◆ **WHAT YOU HAVE TO DO**
Skip the pictures. Retype exactly, and only, the lines between the line holding "배포 구성을 선택하고" and the last line below, inclusive.
THE DATA Start Marker
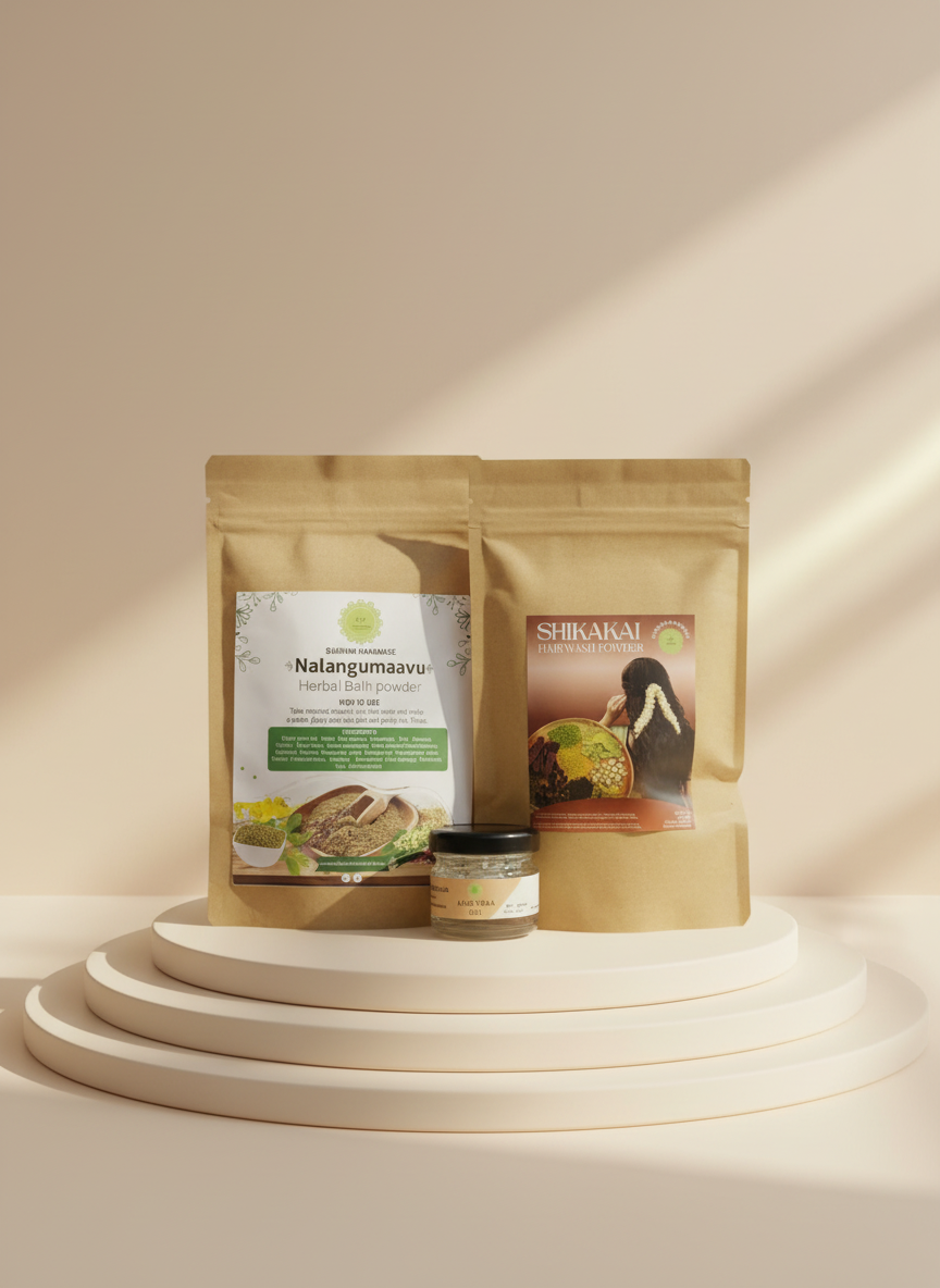 This is a full traditional cleansing ritual. Herbal Bath Powder for the body, Nalangumaavu for brightening and gentle exfoliation, and Shikakai for natural hair cleansing. It’s slow care. But slow care builds stronger skin and hair.
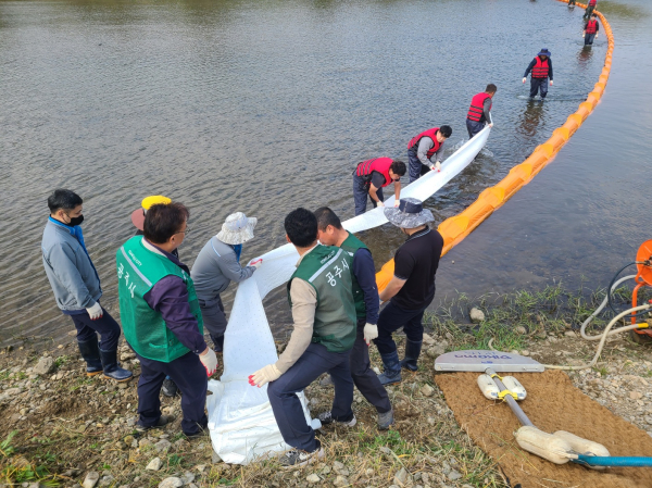 이날 훈련은 시군, 기업, 유관기관 관계자 등 180여 명이 참석한 가운데, 공주시 사곡면 호계리 부근 태화교에서 교통사고로 전복된 유조차에서 경유 300ℓ가 유구천으로 유입돼 수질오염이 발생한 상황을 가정해 실시했다.
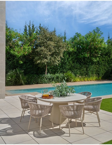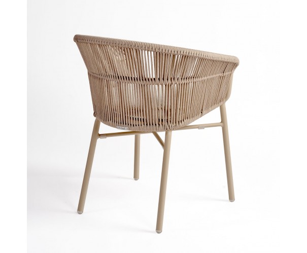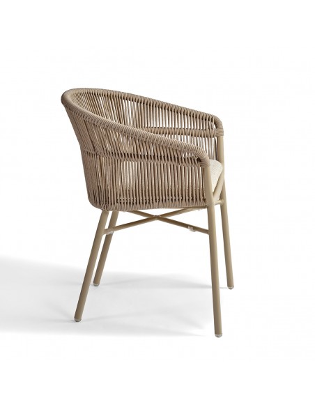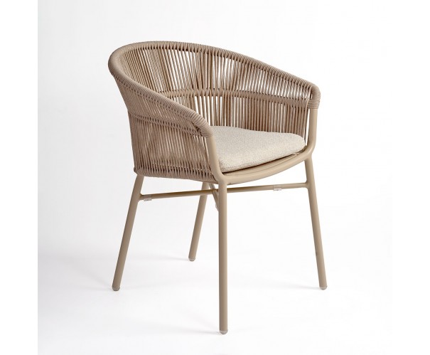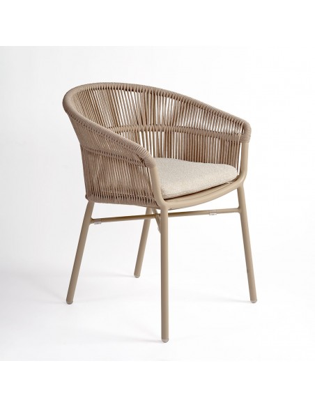 Sumérgete en la sofisticación al aire libre con nuestro nuevo sillón. Su estructura de cuerda, en un suave tono arena, combina a la perfección con el cojín tapizado, creando un conjunto elegante y acogedor. Ideal para terrazas y jardines, este sillón aporta un toque de lujo y versatilidad a cualquier espacio. Perfecto para proyectos que buscan la armonía entre naturaleza y diseño.
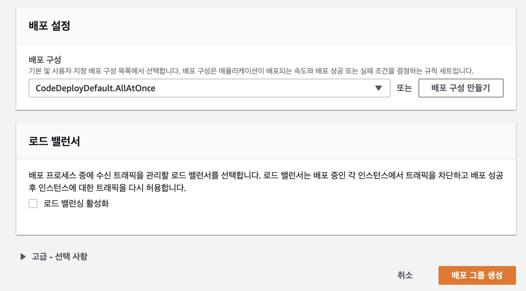 배포 구성을 선택하고 로드 밸런서 체크를 해제한다. 배포 그룹 생성을 클릭하면 배포 그룹 생성이 완료된다.
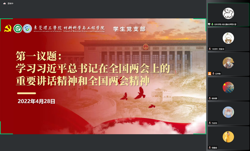 材料学院学生党支部集体学习习近平总书记在全国两会期间的重要讲话精神和全国两会精神
THE DATA End Marker
◆ **ANSWER FOR THIS EXERCISE**
 배포 구성을 선택하고 로드 밸런서 체크를 해제한다. 배포 그룹 생성을 클릭하면 배포 그룹 생성이 완료된다.
 材料学院学生党支部集体学习习近平总书记在全国两会期间的重要讲话精神和全国两会精神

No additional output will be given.